Glucose is present in blood and utilized as an important marker for diabetes. A method for measuring a glucose has conventionally been a chemical method or an enzymatic method, and an enzymatic method is regarded generally to be excellent in view of the specificity and the safety. Such an enzymatic method is, for example, be a measurement using a glucose oxidase, glucose-6-phosphate dehydrogenase or an NAD(P)-dependent glucose dehydrogenase. However, the methods employing the glucose oxidase and the glucose-6-phosphate dehydrogenase are not convenient reaction systems since they employ a plural of enzymes. The methods employing the glucose-6-phosphate dehydrogenase and the NAD(P)-dependent glucose dehydrogenase pose a complication due to the requirement of adding a coenzyme NAD(P) to the reaction systems.
Recently, various biosensors were proposed as modes for quantifying a particular component in a sample conveniently without diluting or stirring a sample solution. For example, a biosensor was proposed in which an electrode system consisting of an action electrode, a counter electrode and a reference electrode was formed by a screen printing on an insulating board. This electrode system and the like was in contact with an enzymatic reaction layer formed thereon containing a hydrophilic polymer, a redox enzyme and an electron acceptor.
The number of diabetes patient is increasing year by year, and a method for measuring a blood sugar and a means for controlling the blood sugar level are desired which can be utilized not only in a hospital but also at home and which is convenient. While a simple glucose sensor is employed currently for measuring the blood sugar, it frequently employs a glucose oxidase which is highly suspected to give a measured value involving an error due to a level of the residual oxygen. On the other hand, a biosensor employing a glucose dehydrogenase which is dependent on a nicotinamide-based coenzyme exhibits a high background noise and involves a complicated reaction system due to the requirement of adding a coenzyme or an auxiliary enzyme separately, and it also suffers from a disadvantage due to the requirement of an expensive optical system upon measuring a chromogenic system.
As an enzyme which is not affected by the residual oxygen level and which can act on glucose in the absence of NAD(P), a glucose dehydrogenase whose coenzyme is pyrroloquinolinequinone is known, but the pyrroloquinolinequinone problematically tends to dissociate from the enzyme. A glucose dehydrogenase whose coenzyme is pyrroloquinolinequinone disclosed in JP-A-2000-350588 and JP-A-2001-197888 has a disadvantageously low selectivity for glucose. On the other hand, a glucose dehydrogenase whose coenzyme is the pyrroloquinolinequinone derived from Escherichia coli (JP-A-10-243786), a glucose dehydrogenase whose coenzyme is the pyrroloquinolinequinone derived from Pseudomonas sp. (Agric. Biol. Chem. (1980) 44:1505-1512) and a glucose dehydrogenase whose coenzyme is the pyrroloquinolinequinone derived from Gluconobacter suboxydans (Agric. Biol. Chem. (1981) 45:851-861) had the respective activity on maltose of 3%, 3.2% and 5%, but were accompanied with the complication due to the requirement of a solubilization and an extraction of the enzymes since they were existing in a membrane fraction of the bacterial bodies.
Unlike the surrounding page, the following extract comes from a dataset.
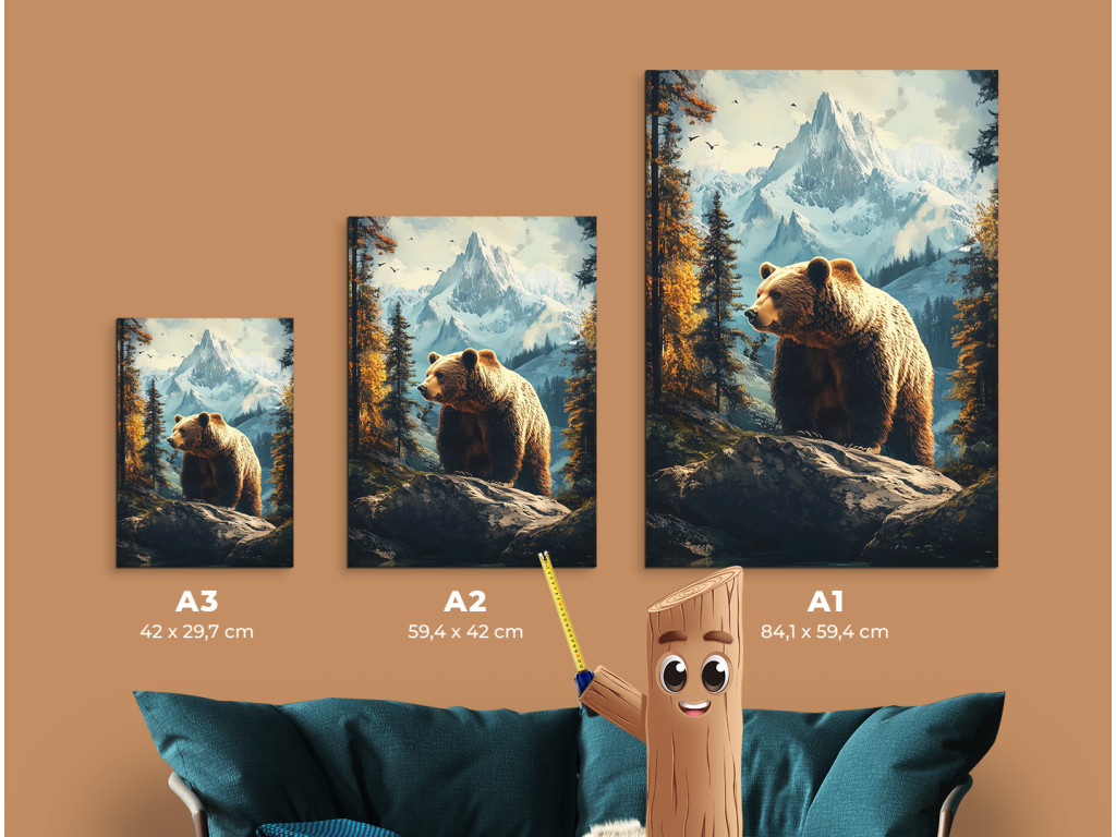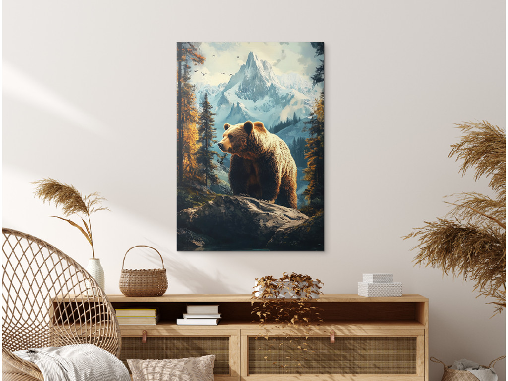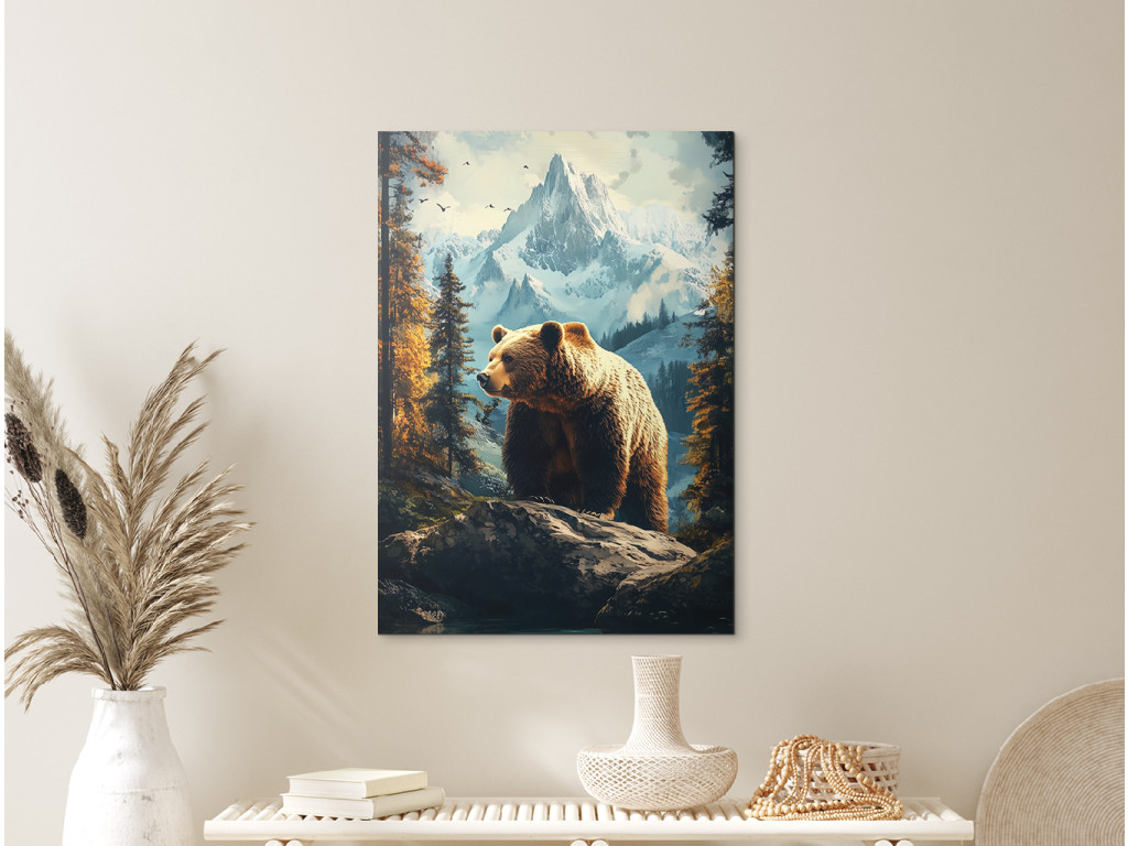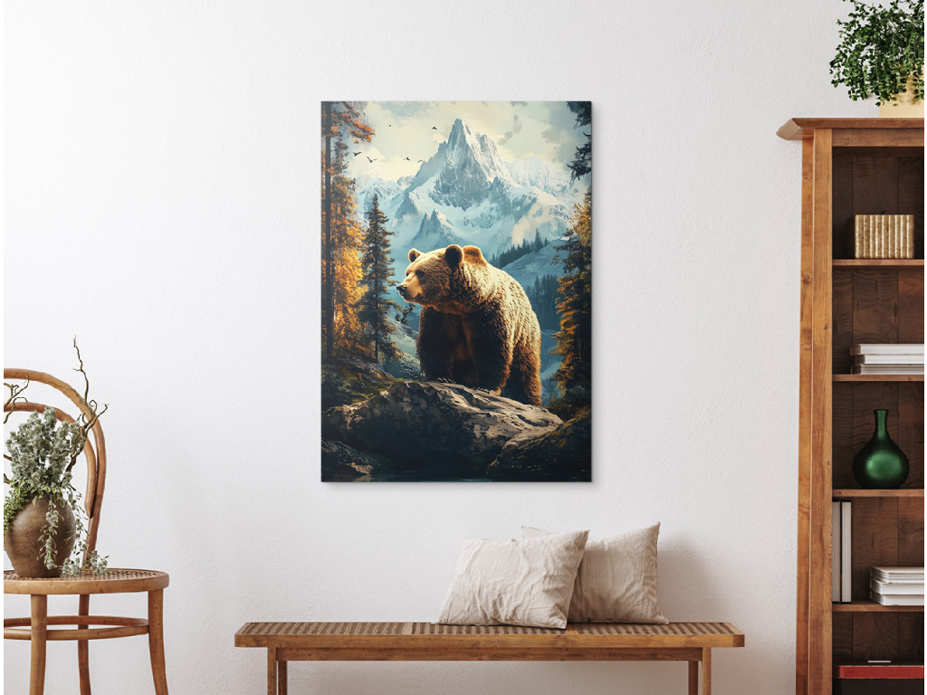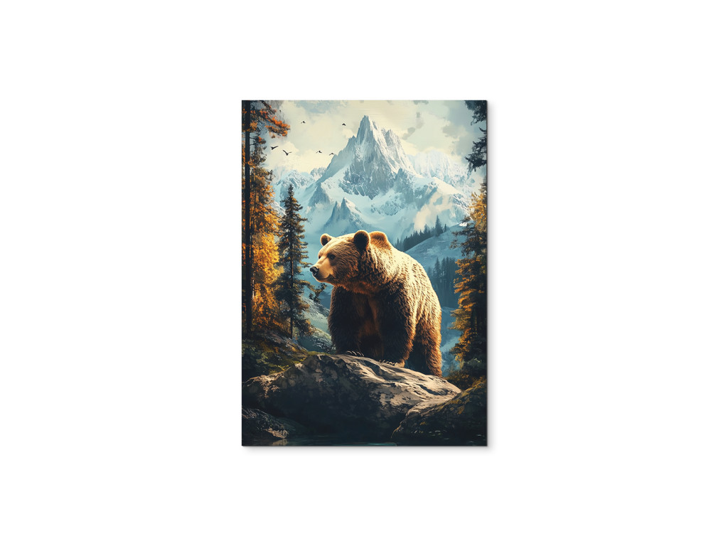 Der Wächter des Tals zeigt einen Braunbären in monumentaler Haltung auf einem Felsvorsprung, umgeben von einer farbenfrohen Waldlandschaft. Im Hintergrund ragen majestätisch schneebedeckte Berge empor, über denen Vögel kreisen, wodurch das gesamte Bild ein tieferes Gefühl von Freiheit und Weite vermittelt. Die Kombination aus Nadel- und Laubbäumen mit herbstlicher Färbung unterstreicht den Übergang in der Natur – zwischen Ruhe und Wildheit. Das Bild wirkt ausgewogen, symbolisch und gleichzeitig natürlich kraftvoll.

The coenzyme-binding glucose dehydrogenases which oxidize a hydroxyl group in the 3rd-position of glucose were also reported in J. Biol. Chem. (1967) 242: 3665-3672, Appl. Microbiol. Biotechnol. (1999) 51: 58-64, Appl. Biochem. Biotechnol. (1996) 56: 301-310 and Enzyme Microb. Technol. (1998) 22:269-274, but any of them exhibits a poor selectivity for glucose. Since maltose is employed widely as an infusion component and the blood maltose level in an infused patient is high, it is desired to develop an enzyme for measuring the blood sugar which is capable of acting specifically on glucose and has low activity especially on maltose.
In order to respond the industrial needs mentioned above, an objective of the invention is to provide a novel glucose dehydrogenase which exhibits an excellent substrate-recognizing ability toward glucose and which has low activity on maltose, and also to provide a method for producing the same and a microorganism having an ability of producing the same.
Another objective of the invention is to provide excellent glucose measuring method, measuring reagent and biosensor which employ the novel glucose dehydrogenase and which are capable of quantifying glucose rapidly and conveniently at a high accuracy, as well as a glucose-eliminating reagent.